CONCLUINDO SOBRE CONTATO
Então este é o segundo termo prático. O primeiro: O problema precisa estar aberto ou temos que abri-lo. O segundo: A pessoa precisa ter contato. Em termos práticos isso quer dizer que se a pessoa sente uma emoção, eu sempre lhe pergunto: “E por que você sente isso? O que é isso?” Busco a parte do saber. Mas se a pessoa está me relatando um problema eu procuro abrir toda a emoção que tem relação com isso. Eu tive uma paciente que cresceu nas ruas de Israel e foi muito abusada sexualmente desde criança. Tinha treze anos de idade e tinha sexo com umas doze pessoas por dia. Ela podia contar toda esta história, mas a verdadeira emoção relacionada com isso está muito protegida. Então você busca o que não está presente para que haja contato. E além disso não apenas tem que ter as emoções e saber. Mas estas duas realidades precisam estar juntas, como duas mãos postas em oração. Por que? Porque se eu sei hoje e sinto amanhã, não serve. Devem acontecer ao mesmo tempo.
COMO AS DIVERSAS TERAPIAS PROVOCAM O CONTATO
Como fazem as terapias para que as pessoas tenham contato? Das mais diversas maneiras. Pode ser: falando, imaginando, fazendo… Por exemplo: Estando com um psicanalista eu falo, principalmente. E busco saber e sentir, falando.
Porém estando com um behaviorista e tendo uma fobia de gatos, o terapeuta fica na outra extremidade da sala com um gato. Eu estou aqui do outro lado e ele me diz que eu pratique relaxamento. Por que eu pratico relaxamento? Certamente os behavioristas tem uma ideia sobre isso. Porém eu que trabalhei uma boa parte de minha vida com as tensões dos corpos das pessoas, sei que toda tensão crônica é uma interrupção, um corte, uma falha no contato. Se eu quero realmente saber e sobretudo sentir algo, uma tensão muscular me impede. Por isso os behavioristas se sentam na outra extremidade da sala e orientam para que eu relaxe.
Porém pode ser que eu imagine algo. Alguns terapeutas cognitivos comportamentais ou na EMDR, ou outras terapias me dizem: “Imagine o trauma, busque a primeira cena, mantenha esta memória em frente à sua mente”. O que buscam? Buscam facilitar o contato. Então pode ser feito também através da imaginação.

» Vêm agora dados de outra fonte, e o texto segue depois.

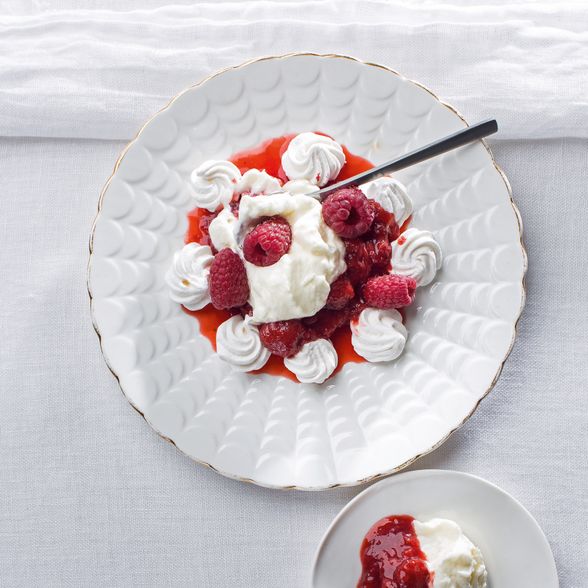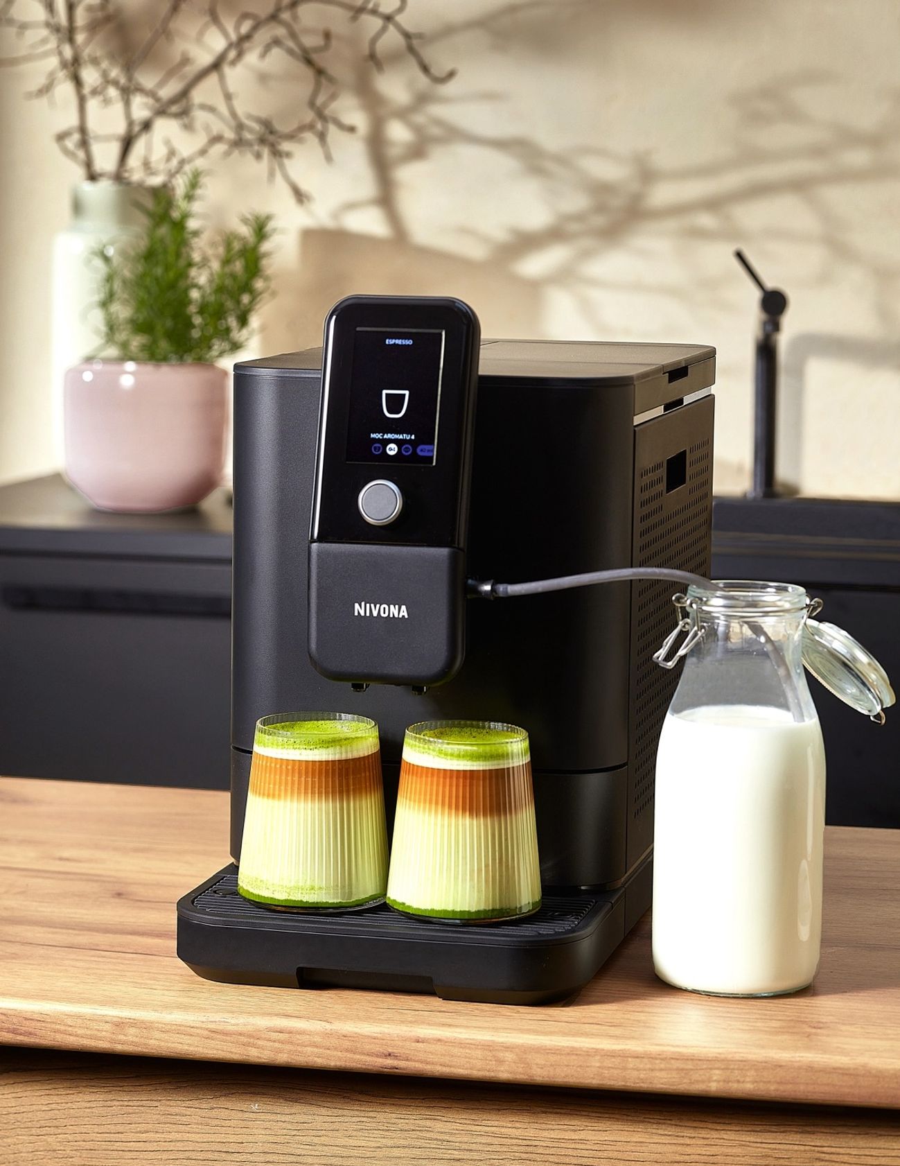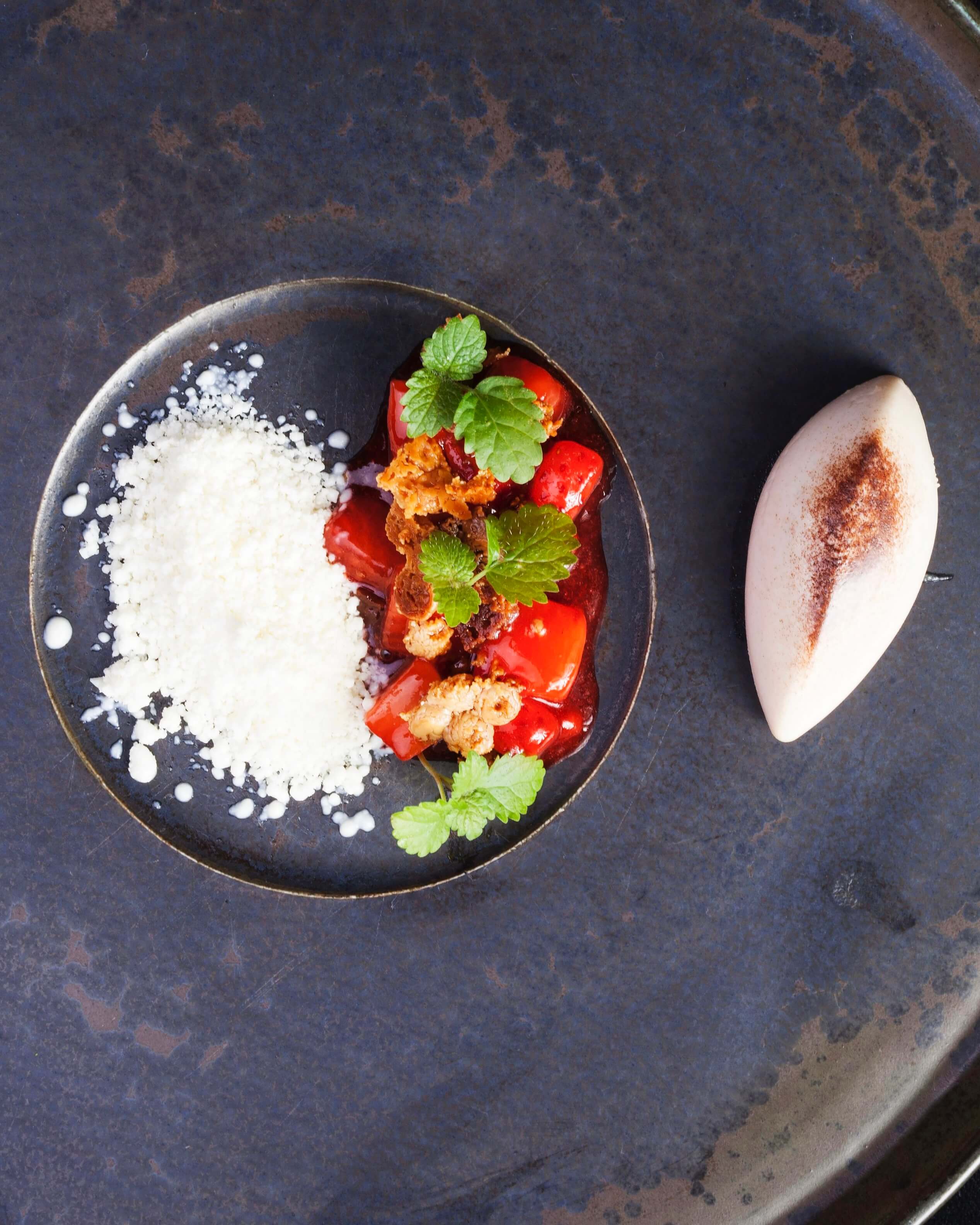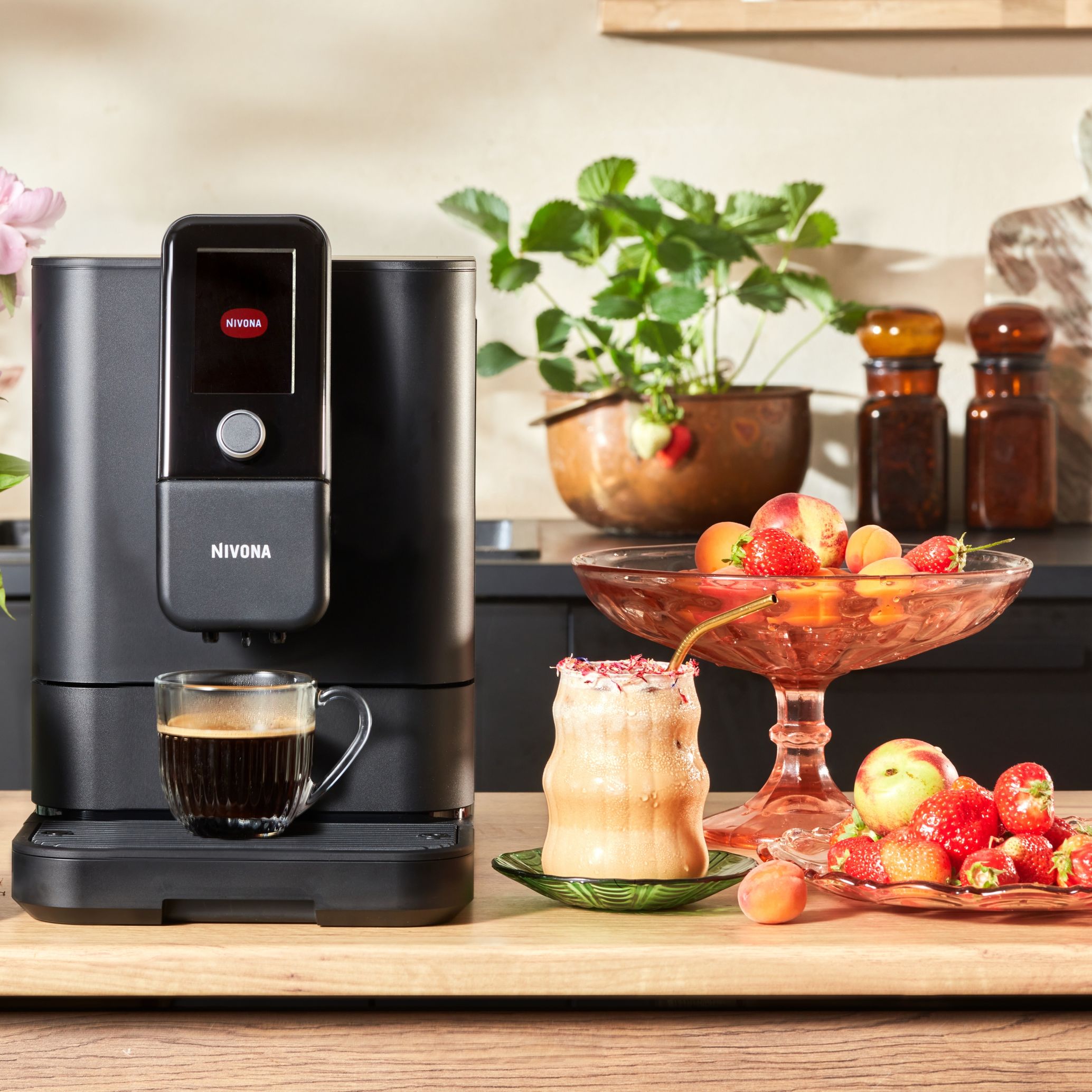 "Ubijamy śmietankę z kilkoma łyżkami syropu truskawkowego, tworząc puszystą piankę. Wlewamy piankę na wierzch kawy. Dekorujemy napój suszonymi kwiatami."

Palavras, imaginação, corpo, sentidos, como seja. Não importa o método. Eu tive um paciente que sempre sentia que eu não lhe prestava atenção, que não tinha a minha atenção. Então uma vez em uma sessão, eu simulei cochilar. Por que eu simulei dormir? Para fazer com que isso se manifestasse. Qualquer coisa pode servir. Um tempo atrás tive um paciente judeu que tinha uma angústia de castração que estava muito conectada com o corte do prepúcio em sua circuncisão. Tinha isso muito forte. Então eu peguei um facão grande, com um aspecto terrível, que tenho e fui me aproximando dele… Então você vê: qualquer que seja o método. Ou você pode indicar a uma pessoa para que faça algo. Por exemplo: às vezes peço a uma pessoa que visite seus pais, em certo momento da terapia.
Então sentir e saber. Você procura o que falta e tendo os dois juntos faz-se o contato. Você pode buscar os métodos de contato em todas as terapias.
Há algo que sucede quase espontaneamente a partir daí. E isso que acontece espontaneamente lhe ajuda a compreender todos os métodos e as diferenças entre os métodos. Por exemplo: Você vai a um psicanalista e ele analisa a transferência os sonhos etc., e lhe mostra como isso que está acontecendo agora, como por exemplo uma zanga contra o psicanalista, realmente é uma zanga contra seu pai. Ele mostra que isso é uma repetição, por isso é uma transferência.
3º COMPREENSÃO DA VACUIDADE (A NÃO REALIDADE)
Para que serve isso? Eu pergunto a você: para que serve isso?
Participante: “Para fazer contato”?
Jorge: Não. Ele já fez contato. Está zangado com você, está sentindo isso. Porém agora sabe bem que esta raiva já tinha contra o pai, tudo isso, etc.
Para que serve isso? Para que serve este contato? Para que?
Este é o próximo passo. O número 3.
Para que serve?
Participante: “Para você repetir a raiva até sair dela? Para você viver aquela raiva até sair dela”?
Jorge: A maior parte das pessoas vive esta raiva toda a vida e nunca sai dela. Porém quando você vai ao psicanalista, ele lhe mostra que esta raiva que você talvez tenha vivido toda a vida, na realidade não é com ele mas com seu pai. E que isso é uma repetição, é uma sombra da raiva com o pai.
Existem duas perguntas aqui que quero esclarecer. Uma é: Para que serve isso? Para que serve este contato?
Vou responder de maneira simples. Se a raiva que você tem é com seu pai, e não com o terapeuta, você não está realmente zangado com o terapeuta. Esta raiva que tenho do terapeuta não é verdadeira. Perde realidade. Quando você mostra que algo não é real. Quando você mostra o imaginário como imaginário, que algo não é real, então este algo, com toda certeza perde poder sobre você. Isso é como um punhal no coração do problema.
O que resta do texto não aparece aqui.